山口OP戦2度目登板へ原点回帰フォーム

2020年02月29日 12時00分

【フロリダ州ダンイーデン発】巻き返しに自信あり――。ブルージェイズの山口俊投手(32)は28日(日本時間29日)にオープン戦2度目の登板となる翌日のフィリーズ戦に備え、キャッチボールや投内連係などで汗を流した。前回登板では1被弾を含む3安打3失点でわずか2/3回でKOされたが、この日までに問題点を修正。先発枠入りに向けた準備を着々と進めている。

 104球を投げた前日のブルペンでは投球の始動時に構えたグラブの位置が顔の前にあったが、この日の立ち投げでは日本時代と同じ、へその位置へ下げた。前日の練習後、トレーナーに治療してもらいながらいろいろ話をする中でひらめいたそうで「モーションですね。いいイメージになってきています。下半身主導で、軸のつくり方だったりというタイミングのところ」と修正点を解説。昨年12月から始めたメジャー仕様のフォームを本来のスタイルに戻すことにしたという。

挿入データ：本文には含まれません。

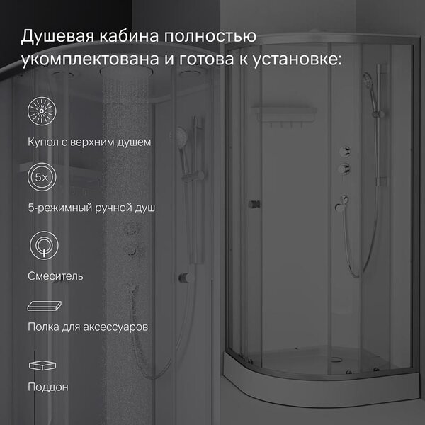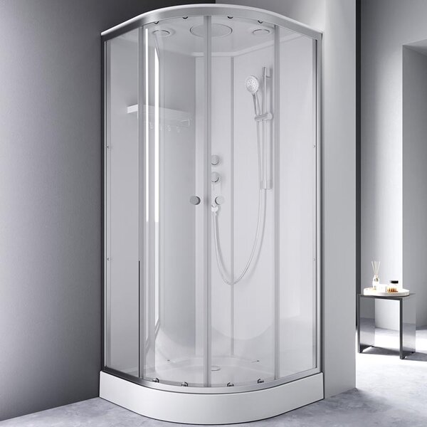 Душевая кабина Am.Pm X-Joy, W94C-401-090MT, 90 х 90 см, с крышей, стекло прозрачное, профиль хром матовыйДушевая кабина X-Joy - это ультрасовременное решение для вашей ванной комнаты. Она сочетает в себе функциональность, стильный дизайн и надежные материалы. Алюминиевый профиль устойчив к коррозии. Одинарные ролики обеспечивают легкое и бесшумное открывание. Кабина оснащена 5-режимным ручным душем, стильным смесителем и компактной полкой, на которой разместится все необходимое. Герметичная конструкция защищает помещение от брызг воды. Кабина X-Joy обеспечит вам незабываемые ощущения и станет настоящим украшением вашей ванной комнаты.Высота 210 смШирина 89.5 смШирина входа: 49 смОриентация: универсальнаяФорма четверть кругаНаличие сифона: естьТропический душ: даДиаметр сифона: 52 ммАнтискользящее покрытиеКонструкция дверей раздвижныеКоличество секций двери: 2Материал профиля алюминийМатериал поддона: ABS-пластикЦвет профиля: хром матовыйПолки: даЭкран не съемныйВид поддона низкийВысота поддона, мм: 140Глубина поддона, мм: 45Материал изделия: стекло; ABS-пластик; алюминийТолщина двери 4 ммМатериал задних стенок: стеклоЦвет задней стенки: белыйЦвет стекол и цвет полотна двери: прозрачныйКрыша естьМонтаж: пристенный в уголГарантия производителя: 3 годаСтрана: ГерманияКомплектация: поддон, профили, передние стекла, набор креплений, задние стенки, верхний душ, ручной душ, купол с верхним душем, инструкция

 滑りやすいと感じていたメジャー球への対策も施した。「あるんですよ、いろいろと。秘密ですけど」と詳細は明かさなかったが「滑るから意識が手にいきすぎちゃうんですよね。じゃあ意識するところはどこかとなった時に、おそらくゲームでもはまってくるんじゃないかなと思ってます」と自信をのぞかせた。

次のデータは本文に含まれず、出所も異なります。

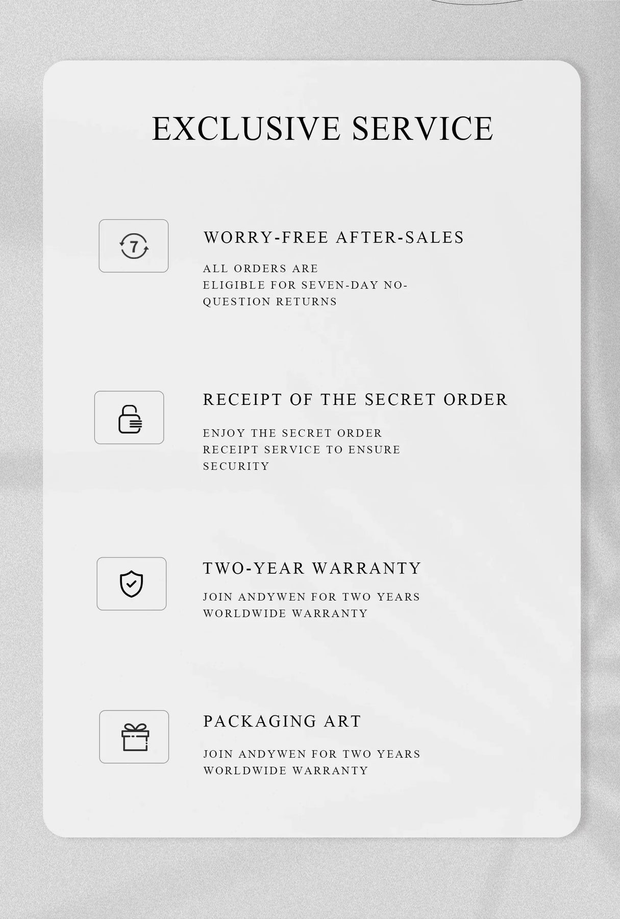 Ex: Shipping and return policies, size guides, and other common questions.

 今回は2~3回を投げる予定。「(前回は)いろんなことを試しすぎたので、基本になる低めのコーナーの真っすぐ、それに本来のスプリット、カーブ。その辺をちゃんとやっていけたらと思います。そろそろ結果もしっかり求めないとね。自分の立場もあるんで」と気合も入っている。

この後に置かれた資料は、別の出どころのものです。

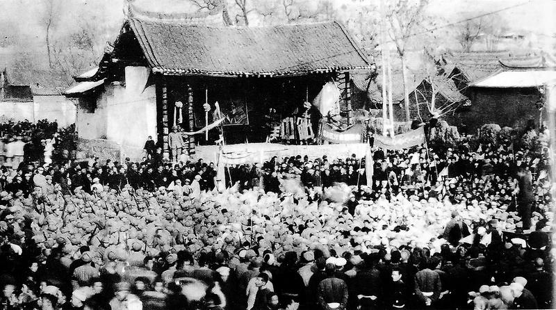 1949年12月15日,商縣人民群眾慶祝商洛分區暨陜西全省解放大會現場。(資料照片)

 この日の投内連係では好フィールディングを連発した。投手だけで行ったため、順番で野手も兼務。投手では前進してホームへのグラブトスを決め、三塁を守っては緩いゴロを素手で捕って一塁へ好スロー。日本の報道陣から「筒香よりうまいのでは?」とジョークが飛ぶと「筒香に言っておいてください」と、うれしそうに話していた。